Мы теперь на свободе, о которой мечтали,
О которой так много в лагерях говорят.
Мы теперь на свободе, нас теперь не поймают,
Нас теперь не настигнет автомата разряд…
В некоторых песнях известно, в каких местах они возникли и где первоначально пелись. Таковы, например, «Колымский гимн» («Я живу близ Охотского моря»), «Тайшетский гимн» («Привезли на бан и сгрузили там») и знаменитая песня о Таганской тюрьме:
Таганка – все ночи, полные огня,
Централка – за что сгубила ты меня?
Таганка – я твой бессменный арестант
Погибли юность и талант в стенах твоих.
Современный советский фольклор как нельзя лучше говорит о том, что за фальшивым фасадом подспудно теплится народный дух и народное творчество. Но это – тема другой книги.

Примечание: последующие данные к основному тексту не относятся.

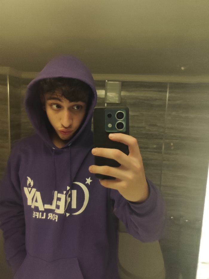 A young man in a purple hoodie takes a selfie in a bathroom. The hoodie has the text "RELAY FOR LIFE" in reverse, along with an image of a candle and star. He's wearing the hood up. His expression is slightly puckered. Behind him is a marble-patterned wall and part of a toilet is visible in the lower right corner. He is using a phone with two prominent circular camera lenses.
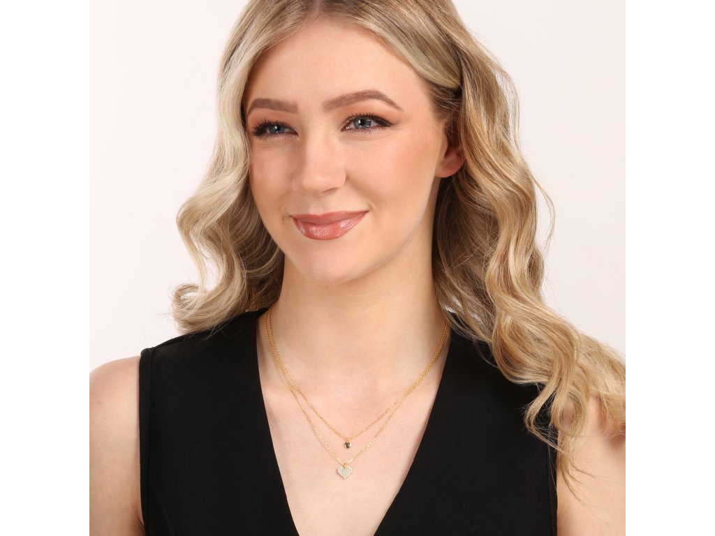 Pozlátený dvojradový náhrdelník 12153.1 očarí jemným a romantickým dizajnom, ktorý elegantne kombinuje dve retiazky v jednom šperku . Kratšiu retiazku zdobí drobné hladké srdiečko, zatiaľ čo na dlhšom sa vyníma väčšie srdce vysadené trblietavými zirkónmi. Vďaka vrstvenému efektu pôsobí šperk moderne a zároveň veľmi žensky – ideálny na každodenné nosenie i slávnostné chvíle.
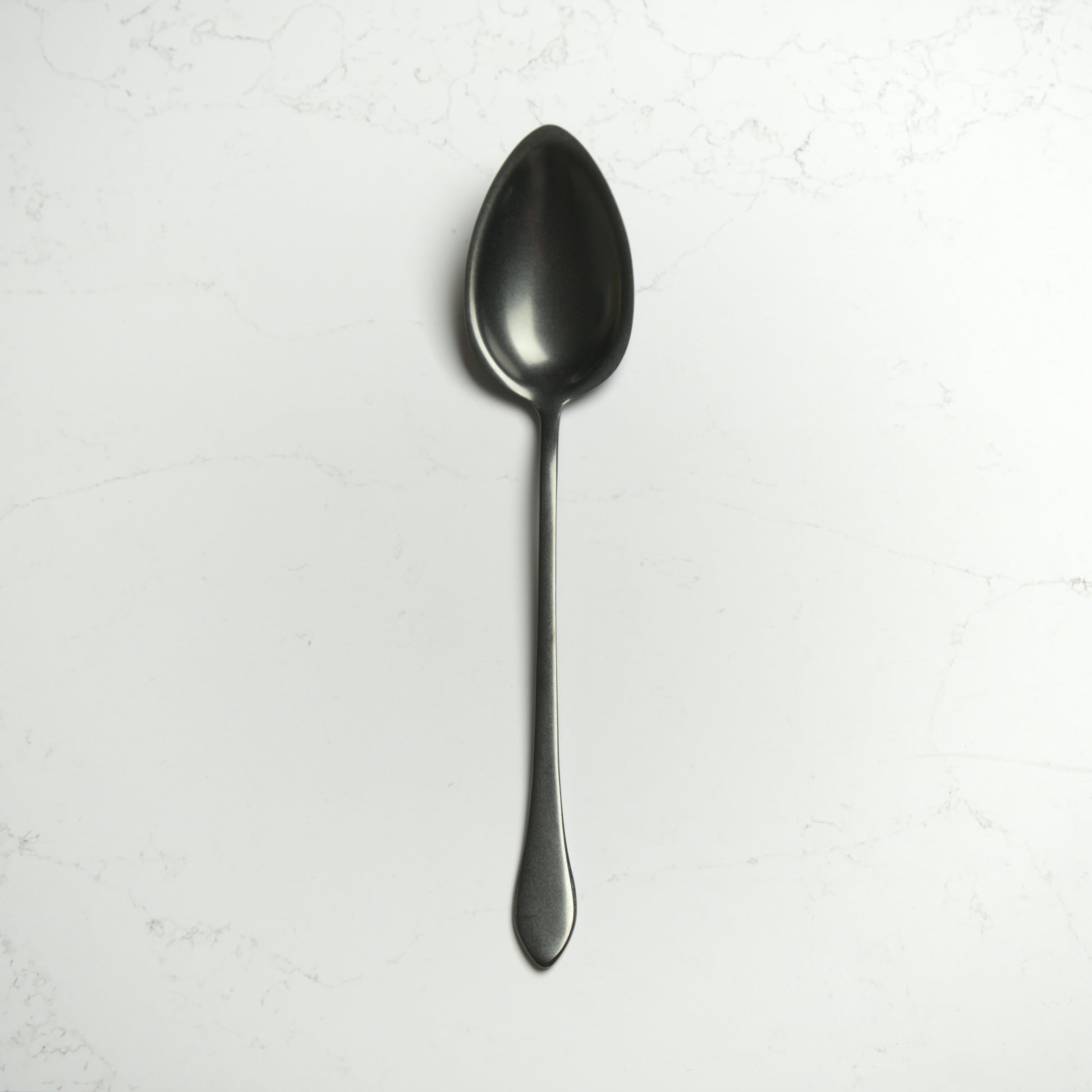 01 Gunmetal is built with a single tablespoon volume (15 ml / 0.5 oz) to scale recipes and ratios with consistency. The well is deeply formed to cradle liquid, the tip is tapered to a fine point for precise pouring or basting. The handle is long enough to stir a braise or a pot of beans, and nimble enough to sauce a plate. The lip is thin and flared to help scrape the corners of a pan or storage container.
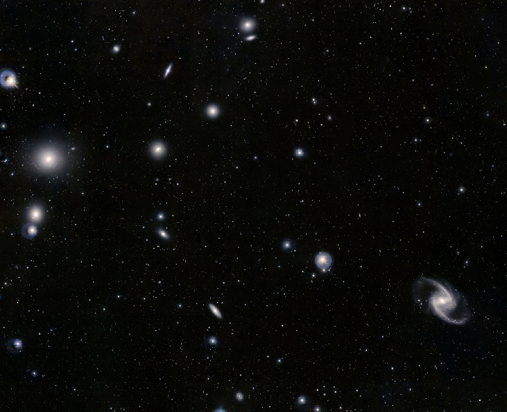 Hình 1.14 Cụm thiên hà Fornax. Trong hình ảnh này, bạn có thể nhìn thấy một phần của cụm thiên hà nằm cách chúng ta khoảng 60 triệu năm ánh sáng trong chòm sao Fornax (Thiên Lô). Tất cả các vật thể không-phải-là-các-chấm-sáng trong bức ảnh đều là thiên hà chứa hàng tỷ ngôi sao. (tín dụng: ESO, J. Emerson, VISTA. Lời cảm ơn: Đơn vị Khảo sát Thiên văn Cambridge)
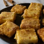 - Corta la mezcla en cuadrados de aproximadamente 5×5 cm. Pasa cada cuadrado por huevo batido y fríe en aceite caliente hasta que estén dorados por ambos lados. Retira del aceite y coloca sobre papel absorbente para eliminar el exceso de grasa.
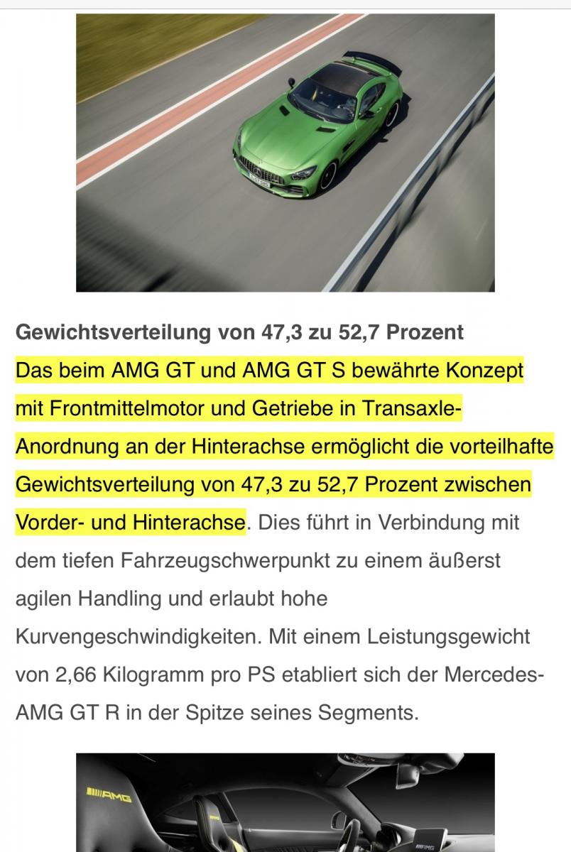 Lieber Richard, wenn Du die Zeit und Möglichkeit hast, schaue mal unter die Motorhaube eines beliebigen AMG GT zum Thema Motorposition. Anbei zu Deiner Info:
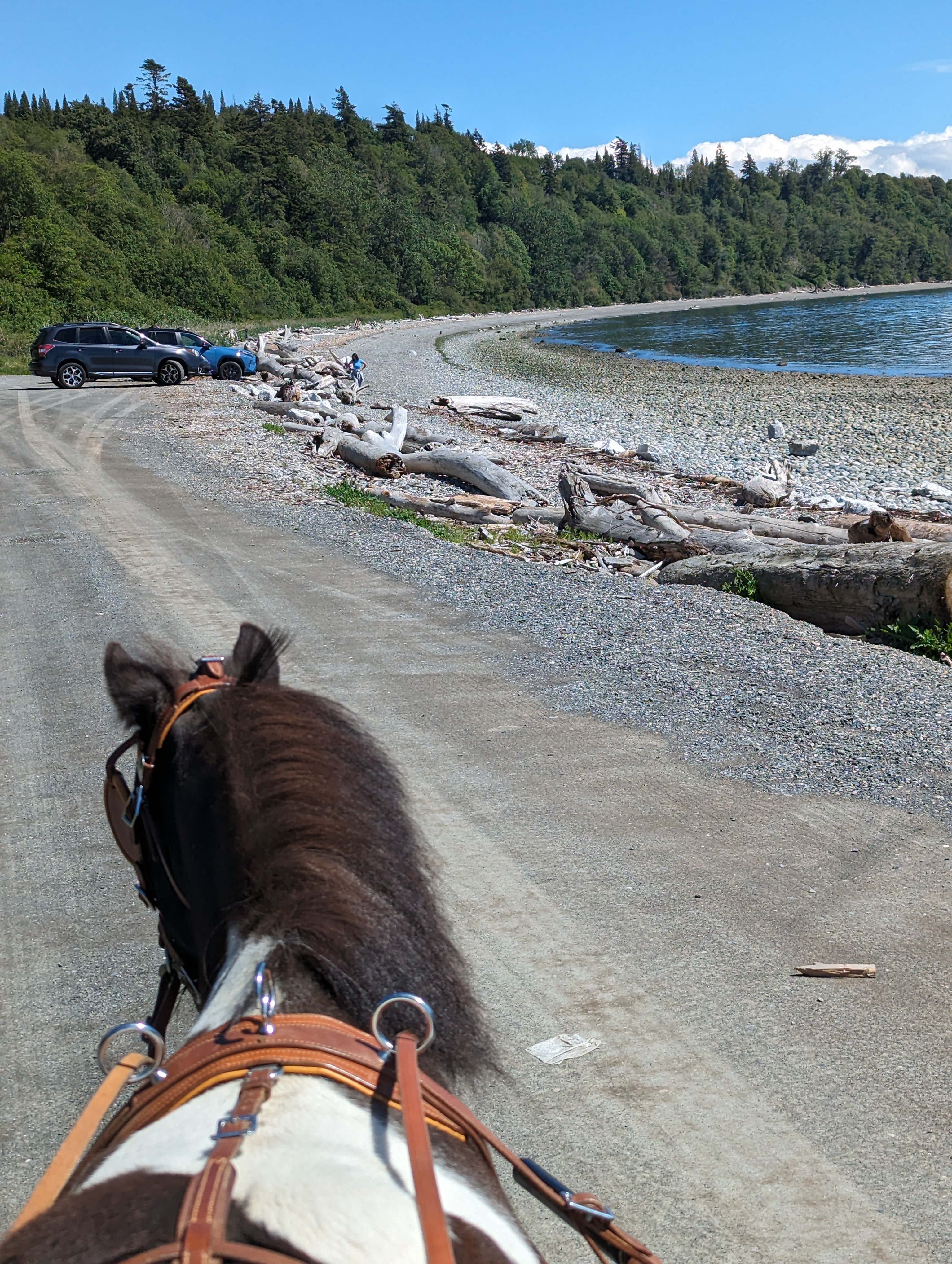 I use natural horsemanship methods. I believe that we should apply the smallest amount of pressure, and not a drop more, to obtain our goal. I train in Happy Mouth bits, if you need great force to gain control you’re doing it wrong. Training horse through force or fear only works for so long, eventually something scarier than you will come along and you lose your “control”. I develop a respectful relationship built on trust with the horse. When the day comes and the horse-eating leaves attack, the horse will look to me for guidance instead of bolting with no thought for me.

Исследование современного русского фольклора, всех его жанров, всех вариантов одной и той же песни, по-разному звучавшей в разные годы и в разных местах, – такой труд рассказал бы нам многое о подлинной, неумирающей жизни народа.
XII. К вершинам
Десять лет назад, когда самиздат еще только набирал силы, подавляющее большинство западных критиков относилось к нему скептически, утверждая, что если и не по темам и идеям, то во всяком случае по своему художественному уровню подпольная литература мало чем отличается от бесцветных официальных соцреалистических произведений.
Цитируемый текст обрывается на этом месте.